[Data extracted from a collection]
::::::::::

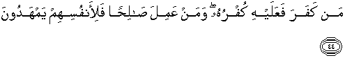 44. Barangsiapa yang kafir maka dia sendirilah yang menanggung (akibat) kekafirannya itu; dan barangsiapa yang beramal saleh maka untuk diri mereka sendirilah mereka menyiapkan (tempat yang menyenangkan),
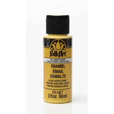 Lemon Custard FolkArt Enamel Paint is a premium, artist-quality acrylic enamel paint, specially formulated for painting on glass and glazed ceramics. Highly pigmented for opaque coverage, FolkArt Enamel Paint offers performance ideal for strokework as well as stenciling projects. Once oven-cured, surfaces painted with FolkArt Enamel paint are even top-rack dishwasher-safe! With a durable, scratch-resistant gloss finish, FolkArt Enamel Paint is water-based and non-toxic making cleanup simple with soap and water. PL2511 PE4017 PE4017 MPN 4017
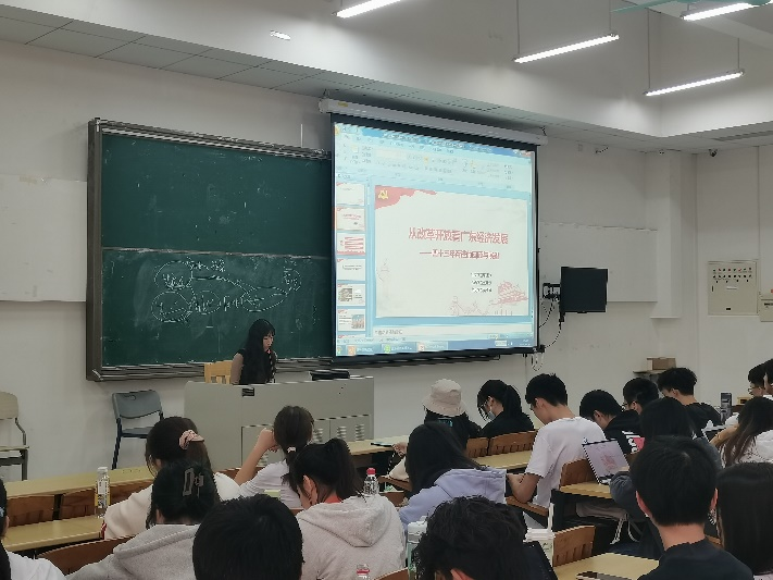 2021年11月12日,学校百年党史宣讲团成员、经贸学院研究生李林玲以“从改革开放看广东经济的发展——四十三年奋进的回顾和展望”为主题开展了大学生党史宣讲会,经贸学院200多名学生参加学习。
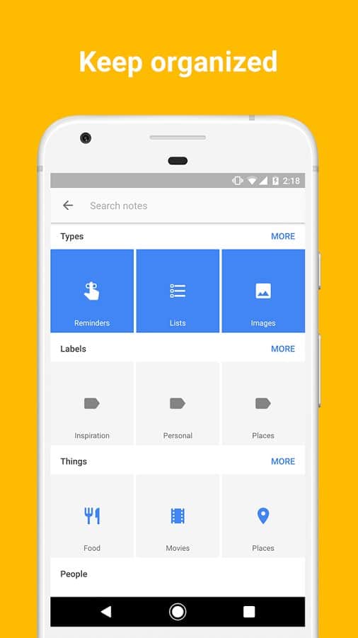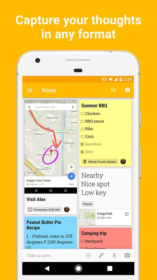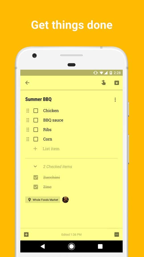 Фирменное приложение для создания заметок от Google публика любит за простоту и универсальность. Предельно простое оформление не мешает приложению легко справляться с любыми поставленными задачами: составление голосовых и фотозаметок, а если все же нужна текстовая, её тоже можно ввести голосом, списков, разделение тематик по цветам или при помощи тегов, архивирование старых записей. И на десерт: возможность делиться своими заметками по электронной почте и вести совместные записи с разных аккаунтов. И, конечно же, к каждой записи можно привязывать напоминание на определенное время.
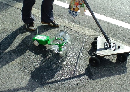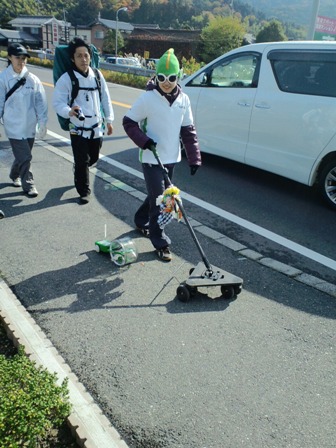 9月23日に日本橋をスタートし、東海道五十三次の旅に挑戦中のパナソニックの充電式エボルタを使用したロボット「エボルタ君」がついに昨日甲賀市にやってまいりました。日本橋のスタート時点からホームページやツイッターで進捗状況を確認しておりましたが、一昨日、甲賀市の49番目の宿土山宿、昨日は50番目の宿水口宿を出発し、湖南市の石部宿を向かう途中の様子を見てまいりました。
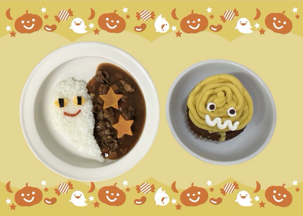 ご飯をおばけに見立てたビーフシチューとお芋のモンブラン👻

::::::::::

**Exercise goal**. From the line with "2021年11月12日,学校" down to the last line of the entries above, set down every line exactly, apart from the pictures.

**Result below**.
 2021年11月12日,学校百年党史宣讲团成员、经贸学院研究生李林玲以“从改革开放看广东经济的发展——四十三年奋进的回顾和展望”为主题开展了大学生党史宣讲会,经贸学院200多名学生参加学习。
 Фирменное приложение для создания заметок от Google публика любит за простоту и универсальность. Предельно простое оформление не мешает приложению легко справляться с любыми поставленными задачами: составление голосовых и фотозаметок, а если все же нужна текстовая, её тоже можно ввести голосом, списков, разделение тематик по цветам или при помощи тегов, архивирование старых записей. И на десерт: возможность делиться своими заметками по электронной почте и вести совместные записи с разных аккаунтов. И, конечно же, к каждой записи можно привязывать напоминание на определенное время.
 9月23日に日本橋をスタートし、東海道五十三次の旅に挑戦中のパナソニックの充電式エボルタを使用したロボット「エボルタ君」がついに昨日甲賀市にやってまいりました。日本橋のスタート時点からホームページやツイッターで進捗状況を確認しておりましたが、一昨日、甲賀市の49番目の宿土山宿、昨日は50番目の宿水口宿を出発し、湖南市の石部宿を向かう途中の様子を見てまいりました。
 ご飯をおばけに見立てたビーフシチューとお芋のモンブラン👻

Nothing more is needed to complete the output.